Intrinsically curved DNA is sometimes located between activator binding sites and promoters. Several examples indicate that these structures enable activator and RNAP to interact. In the s^N-dependent glnAp2 or glnHp2 promoter of E. coli, the DNA between the NR_I (NtrC)-binding site and the s^N-recognition region must be either intrinsically curved, or curved by binding of the integration host factor, IHF. The glnAp2 has an intrinsic DNA curvature in the relevant region. Although glnHp2 does not carry curved DNA, it has an IHF-binding site in the relevant region. The DNA bend allows the activator to contact the s^N-RNAP-promoter complex. This activates transcription by catalyzing the isomerization of the closed s^N-RNAP-promoter complex to form an open complex.^59,95,96

However, when supercoiled DNA templates are used, transcription can be initiated even in the absence of such a bend,⁹⁶ meaning that the spatial alignment between NR_I and RNAP on the templates may be significant. Similarly, in the K. pneumoniae nifLA promoter, an activator protein NtrC may interact with the s^N-RNAP holoenzyme bound to the promoter with the help of an intervening curved DNA.⁶⁰ As another example, in the E. coli rrnB P1 promoter, the rotational phase between the FIS binding site and the promoter is important in activating transcription.⁹⁷ The curvature between these regions may also help FIS and RNAP to spatially position themselves correctly.

Curved DNA can also play a role in packaging of genomes. In eukaryotes, this role is played in nucleosome or chromatin formation (see Chapter 13). In E. coli, some nucleoid-associated proteins, such as H-NS (histone-like nucleoid-structuring protein), CbpA (curved DNA-binding protein A), Hfq (host factor for phage Q_b), and IciA (inhibitor of chromosome initiation A) preferentially bind to curved DNA.^98-100 Of these, H-NS can condense DNA both in vitro and in vivo^101,102 and regulates expression of a number of genes,^26,103 which are described in Chapter 4.

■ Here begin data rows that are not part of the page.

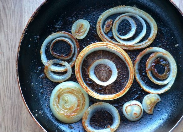 Heat the vegetable oil in a frying pan and put all the onion rings in it. Sprinkle sugar on the onion rings. Cover with a lid and fry the onions over low heat for about 2-3 minutes on each side. A caramel “crust” should appear on the onion rings.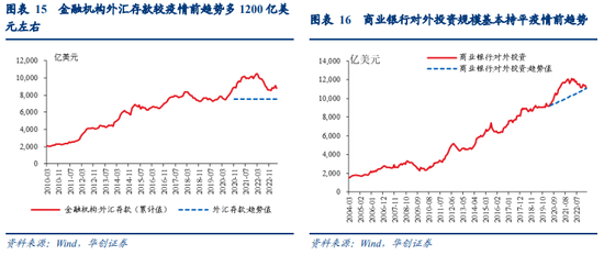 二是商业银行的待结汇资金,可用商业银行对外投资规模衡量,其表示的是居民和企业部门与商业银行结汇后,商业银行未与央行进行结汇而是直接进行对外投资的资金规模。当下商业银行对外投资规模基本持平疫情前趋势,表明当下商业银行或已无积压的待结汇资金(图16)。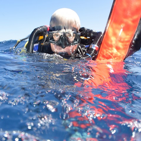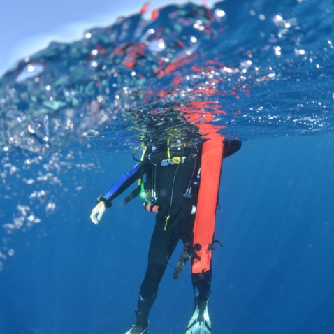 Extra long, self-sealing Surface Marker Buoy for maximum visibility in difficult conditions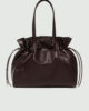 Ce grand cabas spacieux est idéal pour la vie citadine. Sa fermeture à cordon coulissant apporte une touche de fronces subtiles qui mettent en valeur la richesse du cuir nappa.

Curved DNA may also modulate the geometry of promoters in collaboration with structure-specific transcriptional regulators. The B. subtilis LrpC protein, which belongs to the LrpC/AsnC family of transcriptional regulators, forms stable complexes with curved DNAs. Interestingly, LrpC proteins wrap DNA to form nucleosome-like structures (but containing positively supercoiled DNA), and it is speculated that these could regulate transcription.¹⁰⁴ As another function, temperature-dependent conformational changes of bent DNA, as observed for M. aeruginosa psbA2 gene,⁴⁷ can regulate transcription of several genes (Chapter 4).